• [TASK REQUIREMENTS]
From the material below, please set down exactly the lines starting with the one with "パーカーワンピース Aラインワンピース マキシワンピース" and going on through the one with "定做健身入会协议私教协议瑜伽会员合同减肥舞蹈培训协议课程收据", without a single picture.

• [DATA TO USE]

◇ ◇ ◇ ◇ ◇

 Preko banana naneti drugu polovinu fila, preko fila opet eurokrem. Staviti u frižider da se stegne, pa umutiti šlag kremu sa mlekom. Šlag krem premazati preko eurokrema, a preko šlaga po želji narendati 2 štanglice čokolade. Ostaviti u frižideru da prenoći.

◇ ◇ ◇ ◇ ◇

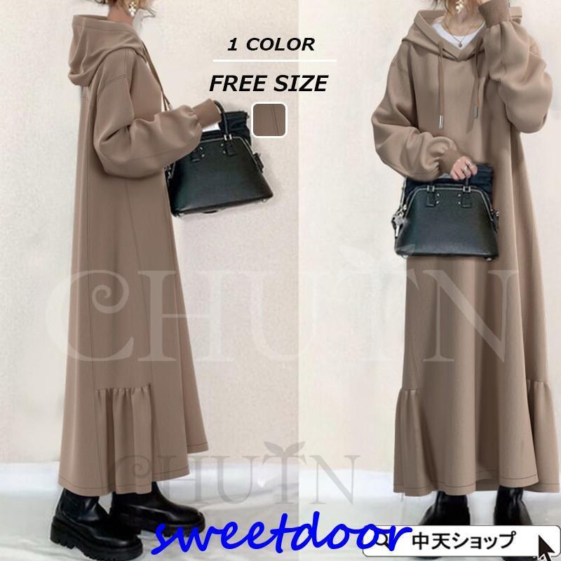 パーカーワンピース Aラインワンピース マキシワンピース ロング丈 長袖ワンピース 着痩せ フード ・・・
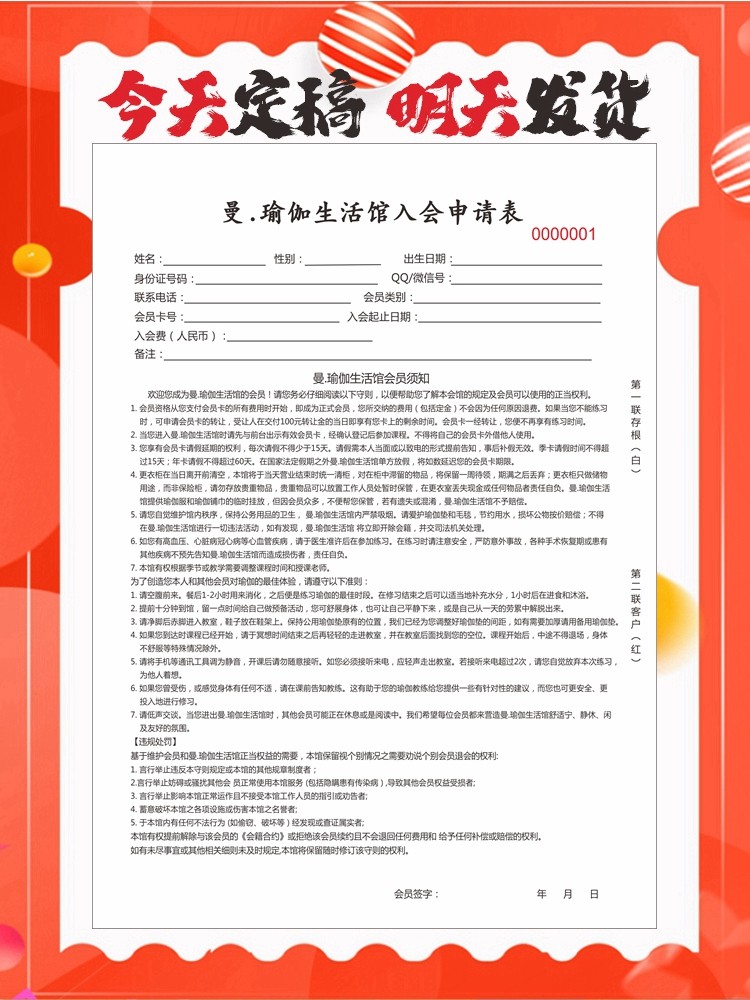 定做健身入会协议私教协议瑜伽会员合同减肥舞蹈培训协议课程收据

◇ ◇ ◇ ◇ ◇

• [EXERCISE RESULT]
 パーカーワンピース Aラインワンピース マキシワンピース ロング丈 長袖ワンピース 着痩せ フード ・・・
 定做健身入会协议私教协议瑜伽会员合同减肥舞蹈培训协议课程收据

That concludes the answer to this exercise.